- **ABOUT THIS TASK**
Find the line with "- Comes with" in the entries below, then output every line from it down to the line with "ZP4972A_3A Fraktálna ruža", exactly and with no pictures.

- **DATA FOR THIS TASK**
<<<<

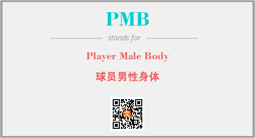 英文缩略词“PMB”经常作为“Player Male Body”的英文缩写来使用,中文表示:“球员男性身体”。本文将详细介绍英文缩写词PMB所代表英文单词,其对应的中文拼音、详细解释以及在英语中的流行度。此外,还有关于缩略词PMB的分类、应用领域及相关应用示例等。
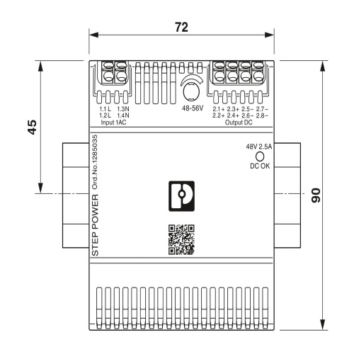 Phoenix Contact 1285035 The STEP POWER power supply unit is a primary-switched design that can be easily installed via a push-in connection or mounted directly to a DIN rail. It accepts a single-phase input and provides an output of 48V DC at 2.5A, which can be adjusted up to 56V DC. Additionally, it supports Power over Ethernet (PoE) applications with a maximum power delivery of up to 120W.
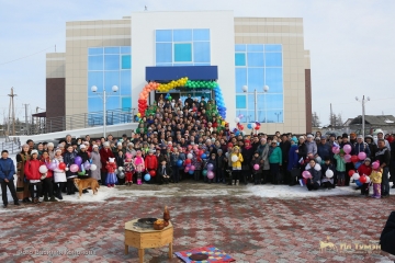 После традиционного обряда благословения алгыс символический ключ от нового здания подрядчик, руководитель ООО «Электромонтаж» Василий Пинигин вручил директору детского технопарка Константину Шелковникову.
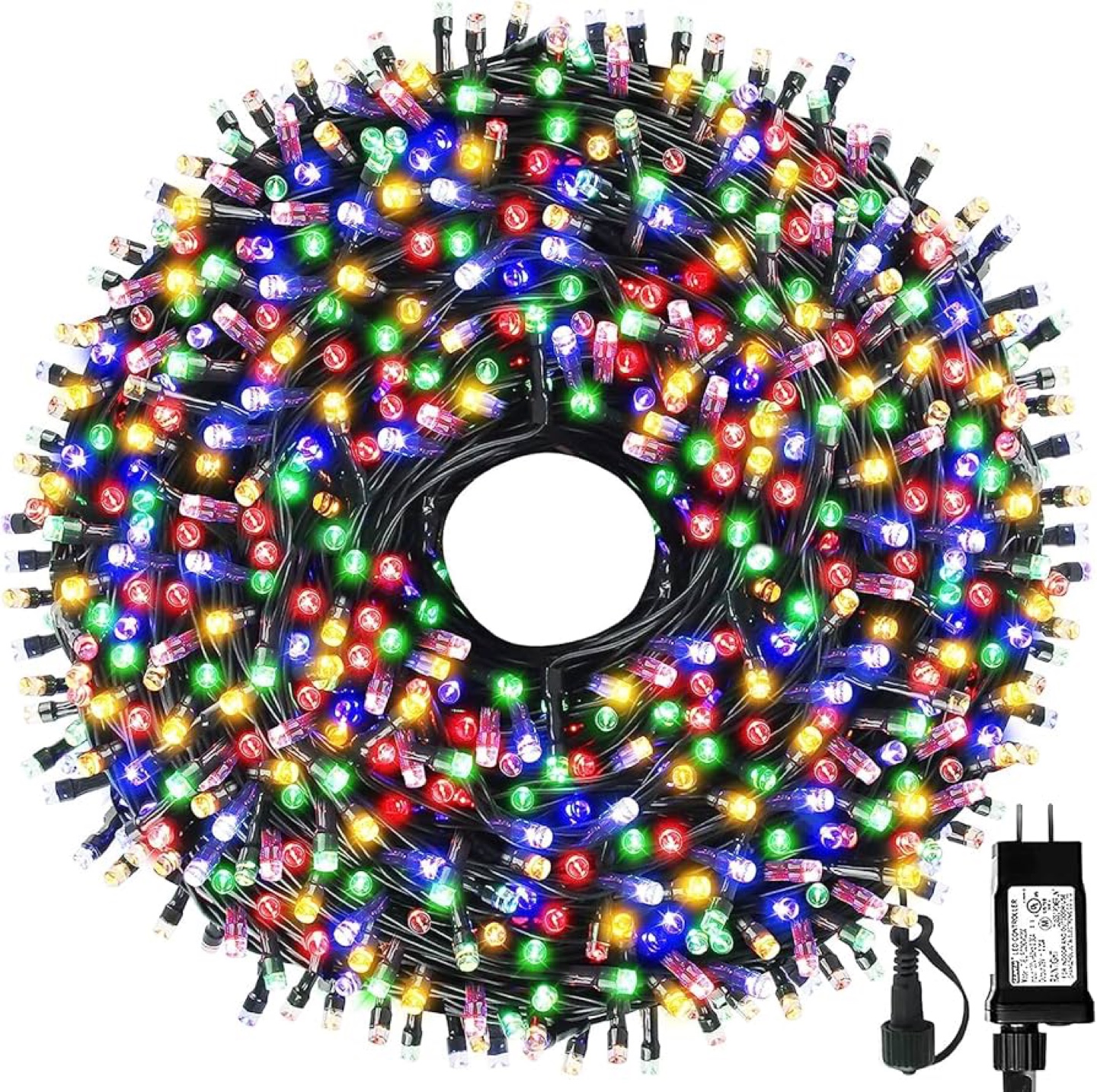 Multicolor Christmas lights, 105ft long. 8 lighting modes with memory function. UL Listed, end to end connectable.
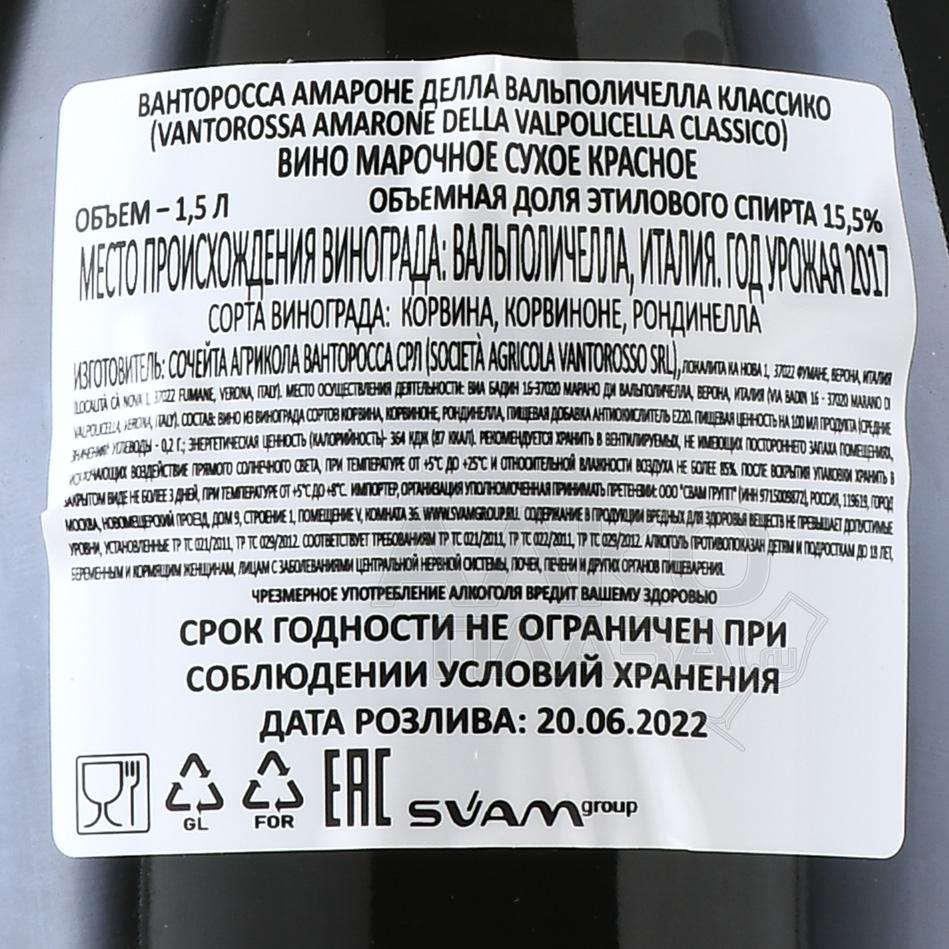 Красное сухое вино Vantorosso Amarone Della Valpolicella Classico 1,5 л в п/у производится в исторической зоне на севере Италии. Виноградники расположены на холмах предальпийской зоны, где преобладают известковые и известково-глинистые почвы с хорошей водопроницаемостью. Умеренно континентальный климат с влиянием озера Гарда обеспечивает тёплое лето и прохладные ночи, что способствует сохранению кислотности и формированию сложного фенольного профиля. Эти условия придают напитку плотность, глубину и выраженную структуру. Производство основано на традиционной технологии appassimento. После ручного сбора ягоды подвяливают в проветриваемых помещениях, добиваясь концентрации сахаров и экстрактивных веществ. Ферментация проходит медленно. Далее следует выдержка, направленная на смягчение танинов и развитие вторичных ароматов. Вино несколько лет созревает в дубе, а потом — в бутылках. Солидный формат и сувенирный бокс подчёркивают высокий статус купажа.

>>>>
<<<<

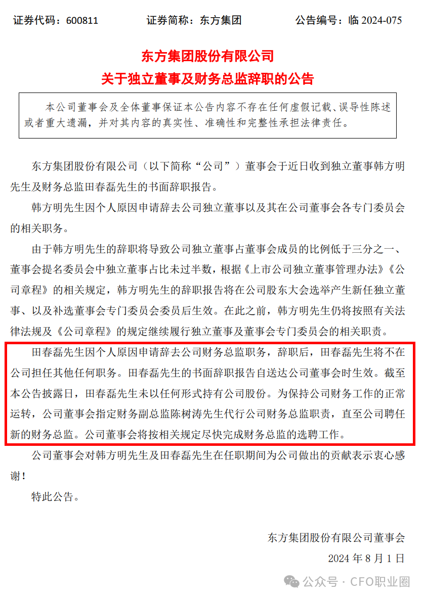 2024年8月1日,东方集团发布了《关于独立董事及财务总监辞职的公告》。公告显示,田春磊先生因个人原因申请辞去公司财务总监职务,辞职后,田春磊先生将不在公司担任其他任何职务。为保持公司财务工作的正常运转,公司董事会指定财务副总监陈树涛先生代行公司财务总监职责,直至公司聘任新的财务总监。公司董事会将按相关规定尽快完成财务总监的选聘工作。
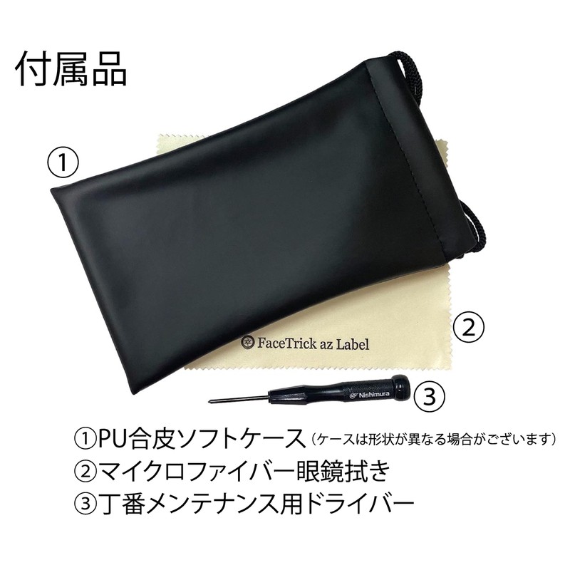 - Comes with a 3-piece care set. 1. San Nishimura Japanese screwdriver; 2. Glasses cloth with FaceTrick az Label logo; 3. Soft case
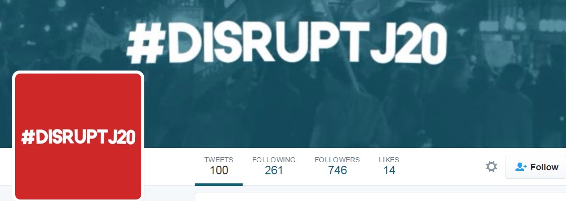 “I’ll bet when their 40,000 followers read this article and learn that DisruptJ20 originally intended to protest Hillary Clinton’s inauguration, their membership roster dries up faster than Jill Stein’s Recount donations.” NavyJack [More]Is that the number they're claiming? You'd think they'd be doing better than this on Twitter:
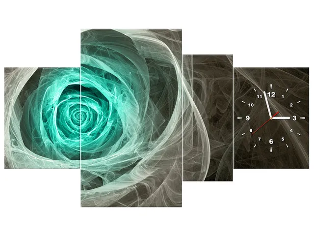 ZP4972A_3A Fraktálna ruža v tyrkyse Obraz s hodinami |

>>>>
<<<<

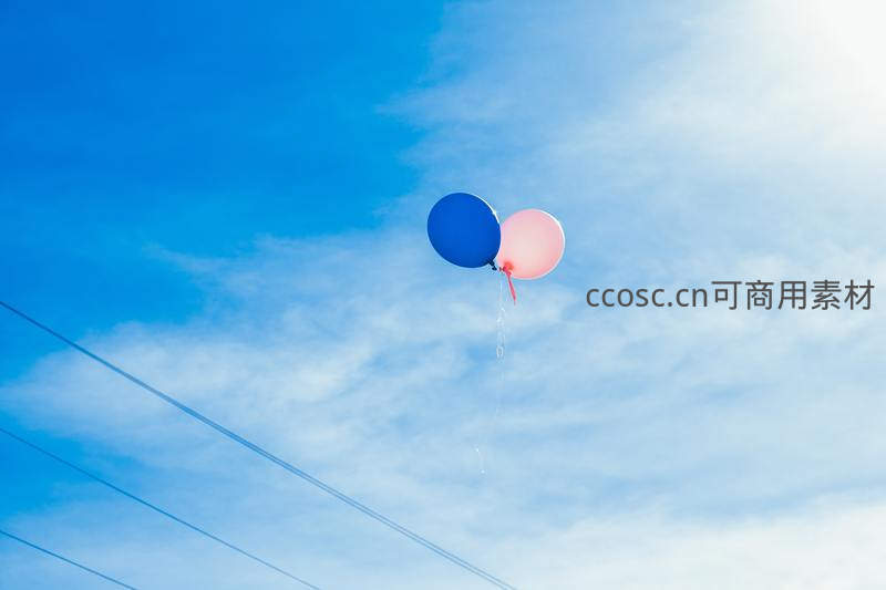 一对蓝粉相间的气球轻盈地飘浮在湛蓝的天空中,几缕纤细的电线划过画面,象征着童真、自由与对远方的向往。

>>>>

- **ANSWER FOR THIS EXERCISE**
 - Comes with a 3-piece care set. 1. San Nishimura Japanese screwdriver; 2. Glasses cloth with FaceTrick az Label logo; 3. Soft case
 “I’ll bet when their 40,000 followers read this article and learn that DisruptJ20 originally intended to protest Hillary Clinton’s inauguration, their membership roster dries up faster than Jill Stein’s Recount donations.” NavyJack [More]Is that the number they're claiming? You'd think they'd be doing better than this on Twitter:
 ZP4972A_3A Fraktálna ruža v tyrkyse Obraz s hodinami |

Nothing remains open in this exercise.